What is the most likely value of the product moment correlation coefficient for the data shown in the diagram? [A] −0.58 [B] 0 [C] −0.94 [D] 0.78 [E] 0.37

02:35

Video Transcript

What is the most likely value of the product-moment correlation coefficient for the data shown in the diagram? Is it (A) negative 0.58, (B) zero, (C) negative 0.94, (D) 0.78, or (E) 0.37?

In estimating Pearson’s correlation coefficient from a scatter plot, there are two things we look at. The first is the direction of the linear pattern, which in our case is top left to bottom right. And the second thing is the spread of the data points around a possible line of best fit, that is, how close our data points are to a potential line of best fit. Generally speaking, we know that if a linear pattern of data is from bottom left to top right, then we have positive or direct correlation. Conversely, if our data follow a linear pattern from top left to bottom right, we say our data is negatively or inversely correlated. And if our data is directly correlated, that’s positively, then our coefficient is between zero and one, whereas if our data is inversely correlated, the coefficient is between negative one and zero.

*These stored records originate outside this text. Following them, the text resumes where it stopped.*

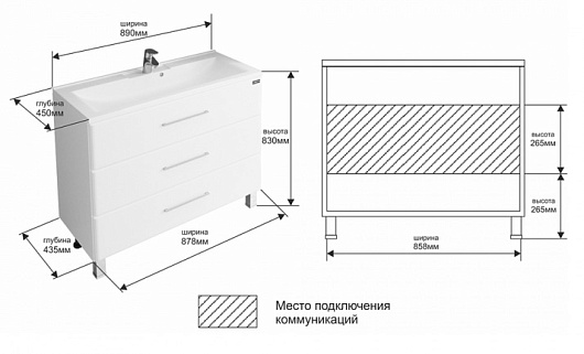 Размеры ШxГxВ: 890x450x830 мм.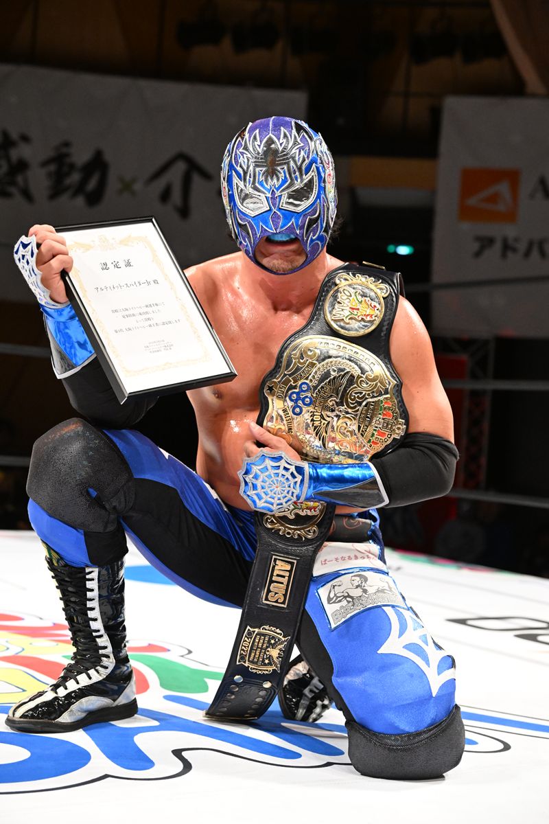 終始防戦一方となったスパイダーだが、苦労の末に奪取したベルトを易々と明け渡すわけにはいかない。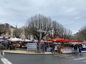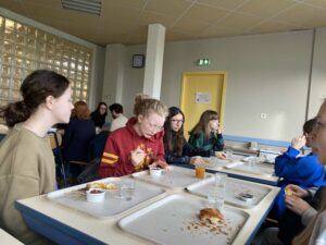 Heute haben wir uns, wie jeden Morgen, um 7:45 Uhr in der Pausenhalle der Gastschule getroffen. Dann haben wir für zwei Stunden am Unterricht unserer Gastschüler teilgenommen. Ein Unterschied zu unserer Schule ist, dass die Schulklingel der Song aus dem Film “Fluch der Karibik” ist. Danach waren wir auf dem Markt, wo wir uns 40 Minuten lang umsehen durften. Es gab überwiegend Lebensmittelstände, vor allem mit Käse, Fleisch und Fisch. Am Mittag waren wir im Rathaus, wo der Bürgermeister von Ribérac (Nikolas Platon) eine Rede gehalten hat. Herr Bodet hat auch eine Rede gehalten, die wir mit unseren selbst geschriebenen Dankes-Sätzen beendet haben. Die Sätze waren natürlich auf Französisch 🙂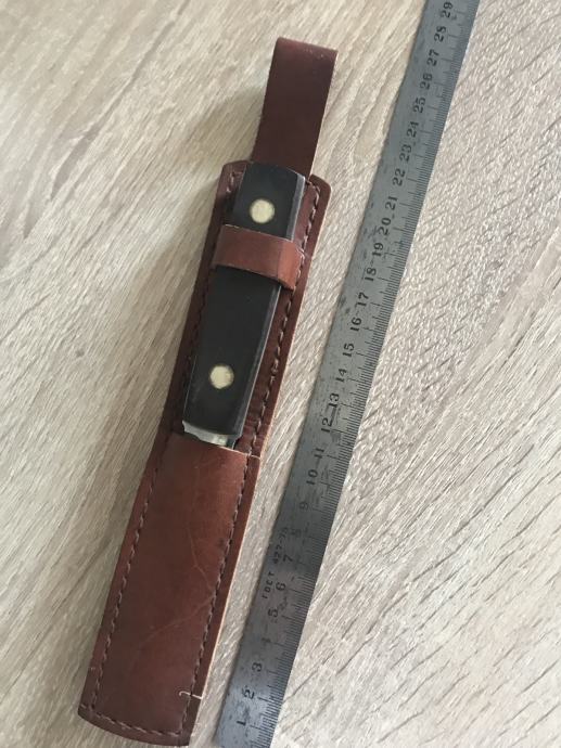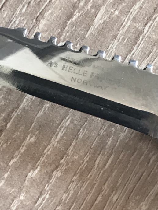 HELLE № 40, lovačko - ribarski nož, proizvodnja od 1963 do 1977 god, oštrica čelik , rađen za američko tržište za firmu " Lauffer". Serije su bila male i ovo je jedan od kolekcionarskih primjeraka , jer se ta serije prestala raditi 1977 g. Jako malo rabljen u savršenom je stanju , nema tragova korištenja na oštrici niti rukohvatu noža . Tvornički naoštren .Ima original kožnu futrolu u odličnom stanju . Skandinavski dizajn noža sa neobično rađenim rukohvatom , oštricom i futrolom .

In our case, our linear pattern is from top left to bottom right, so ours is the second case. This means our correlation coefficient must be between negative one and zero. And this means we can eliminate both (D) and (E) since these are both positive. And now if we look at the spread of the data, we know that the wider the spread away from a potential line of best fit, the weaker the correlation and that the closer the data points are to a potential line of best fit, the stronger the correlation. We know that Pearson’s correlation coefficient takes values from negative one to positive one and that the closer the coefficient is to positive or negative one, the stronger the correlation. And we know that the closer the correlation coefficient gets to zero, the weaker the correlation.

In the given plot, most of the data points are very close to a possible line of best fit. And remembering that our coefficient is negative, this means our coefficient must be close to negative one. We can eliminate (B) since we know that a correlation coefficient of zero means there’s no correlation at all, and we have very strong correlation. And so we’re left with option (A) and option (C). Option (A) with the value negative 0.58 would indicate a moderate correlation. That’s because it’s just over halfway between zero and negative one. And since our correlation is very strong, we can eliminate option (A). Option (C) is the closest to negative one with a value negative 0.94. So the most likely product-moment correlation coefficient for the data shown is (C) is equal to negative 0.94.